• _Instructions to follow_: Return the full listing unchanged, apart from leaving out its images.

• _Recorded information_:
───

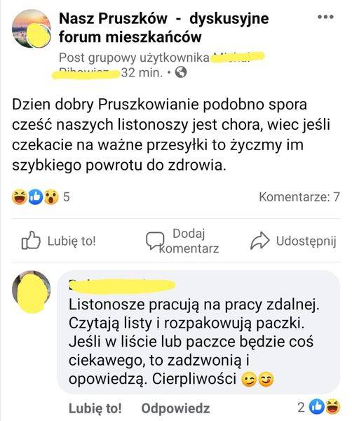 To chyba dobry moment, by opowiedzieć Wam, jak 2 lata temu Moja Teściowa wysłała nam z Wrocławia Pocztą Polską superszybką paczkę typu „migiem, błyskiem i drogo!”, która miała do nas dotrzeć w max 24 godziny. Było lato, a w paczce były własnej roboty jajka faszerowane (naprawdę, boskie!) – fachowo zapakowane, zabezpieczone termicznie, itp. Niestety na nic profesjonalne pakowanie i paczka za milion monet, gdyż pruszkowski oddział Poczty Polskiej pierdolił się z tą przesyłką PONAD TYDZIEŃ!!! W trackingu online widniało, że paczka czeka w naszym oddziale poczty, panie z okienka biły się w pierś, że paczki nie mają i że na pewno jest „w tym innym oddziale” na drugim końcu Pruszkowa. Marcin biegał jak oszalały między jedną placówką pocztową a drugą, gdzie inne panie także biły się w pierś, że jak boga kochają przesyłki na oczy nie widziały. Trwało to z tydzień. Po czym w weekend telefon z nieznanego numeru: zmieszana Pani z Okienka poinformowała nas, że własnoręcznie dostarczy nam tę drogocenną paczkę, która – wychynąwszy jak mniemam z czarnej dziury – cudem się odnalazła i oto jest gotowa do odbioru. Niestety już nie do spożycia.
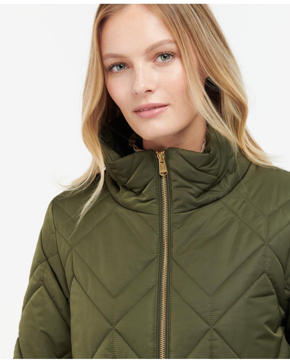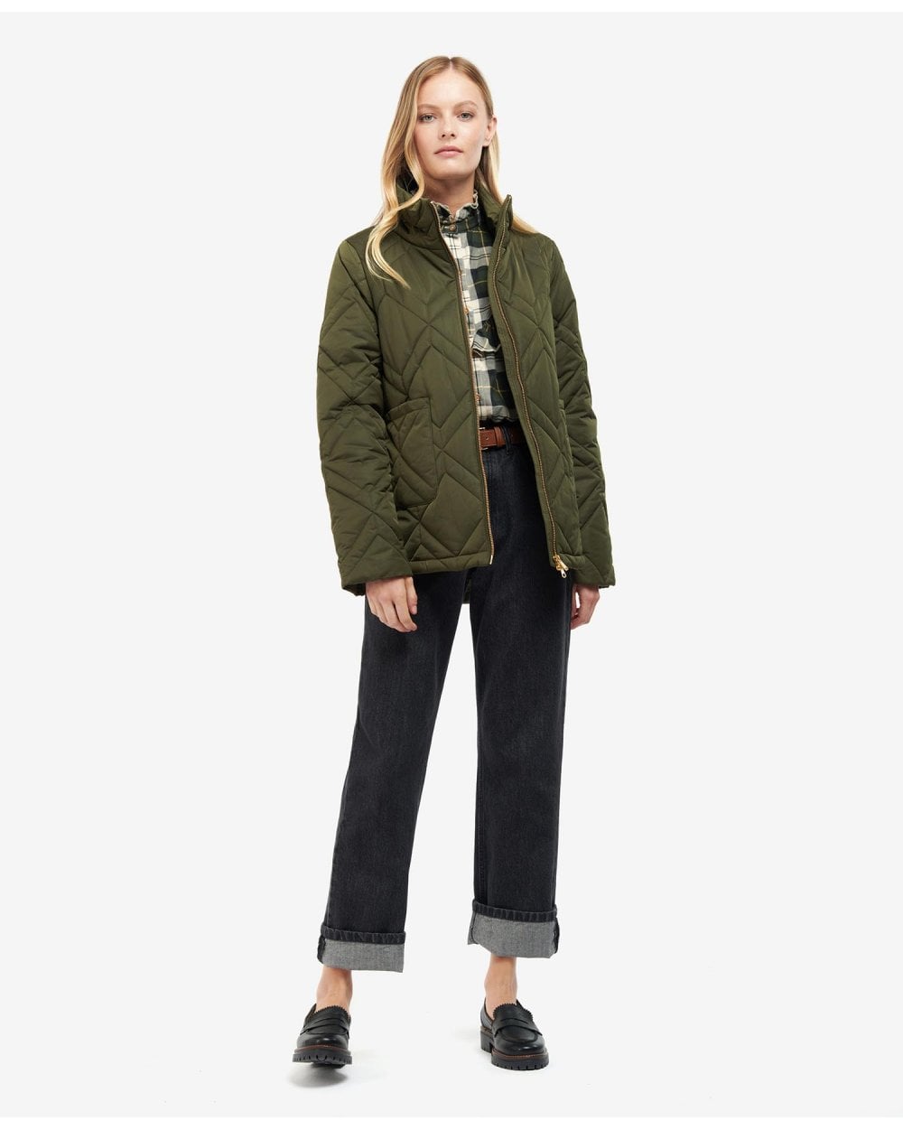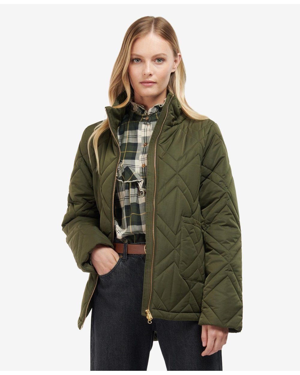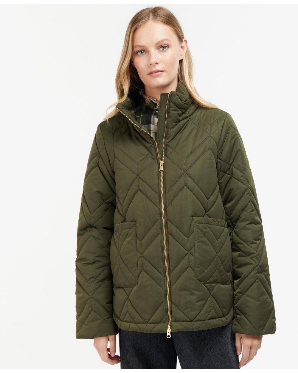 The Barbour Elin Quilted Jacket is cut to a shorter length design with an all over diamond quilting. Showcasing an exposed metal two way zip and large patch pocket, this garment exudes premium style while retaining essential functionality. A tartan back neck buggy and branded embroidery on the left pocket effortlessly finishes the garment.
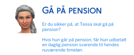 Du kan ogsp vælge at: Gå på oensin fra Byplanlægger, og modtage en pensionudbetaling hver dag, som er baseret på hendes/hans seneste løn.
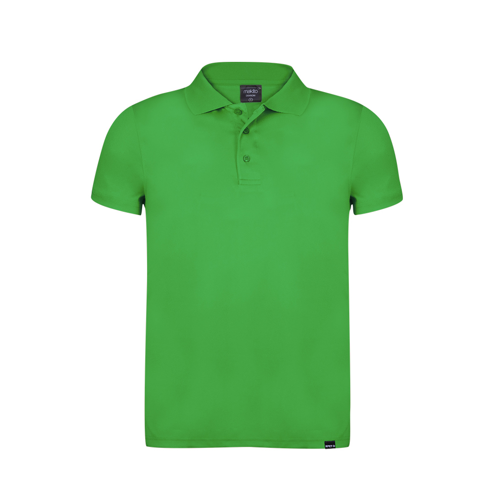 Atmungsaktives Poloshirt aus 100% Polyester RPET-Material 180g/m2, das aus recyceltem Kunststoff hergestellt wird, um die Wiederverwendung von Kunststoffabfällen zu fördern und einen Beitrag zur Nachhaltigkeit des Planeten zu leisten. Mit drei passenden Knöpfen, erhältlich in vielen Farben und den Größen S, M, L, XL, XXL. Mit RPET-Plakette auf dem Etikett.

───

• _Task solution_:
 To chyba dobry moment, by opowiedzieć Wam, jak 2 lata temu Moja Teściowa wysłała nam z Wrocławia Pocztą Polską superszybką paczkę typu „migiem, błyskiem i drogo!”, która miała do nas dotrzeć w max 24 godziny. Było lato, a w paczce były własnej roboty jajka faszerowane (naprawdę, boskie!) – fachowo zapakowane, zabezpieczone termicznie, itp. Niestety na nic profesjonalne pakowanie i paczka za milion monet, gdyż pruszkowski oddział Poczty Polskiej pierdolił się z tą przesyłką PONAD TYDZIEŃ!!! W trackingu online widniało, że paczka czeka w naszym oddziale poczty, panie z okienka biły się w pierś, że paczki nie mają i że na pewno jest „w tym innym oddziale” na drugim końcu Pruszkowa. Marcin biegał jak oszalały między jedną placówką pocztową a drugą, gdzie inne panie także biły się w pierś, że jak boga kochają przesyłki na oczy nie widziały. Trwało to z tydzień. Po czym w weekend telefon z nieznanego numeru: zmieszana Pani z Okienka poinformowała nas, że własnoręcznie dostarczy nam tę drogocenną paczkę, która – wychynąwszy jak mniemam z czarnej dziury – cudem się odnalazła i oto jest gotowa do odbioru. Niestety już nie do spożycia.
 The Barbour Elin Quilted Jacket is cut to a shorter length design with an all over diamond quilting. Showcasing an exposed metal two way zip and large patch pocket, this garment exudes premium style while retaining essential functionality. A tartan back neck buggy and branded embroidery on the left pocket effortlessly finishes the garment.
 Du kan ogsp vælge at: Gå på oensin fra Byplanlægger, og modtage en pensionudbetaling hver dag, som er baseret på hendes/hans seneste løn.
 Atmungsaktives Poloshirt aus 100% Polyester RPET-Material 180g/m2, das aus recyceltem Kunststoff hergestellt wird, um die Wiederverwendung von Kunststoffabfällen zu fördern und einen Beitrag zur Nachhaltigkeit des Planeten zu leisten. Mit drei passenden Knöpfen, erhältlich in vielen Farben und den Größen S, M, L, XL, XXL. Mit RPET-Plakette auf dem Etikett.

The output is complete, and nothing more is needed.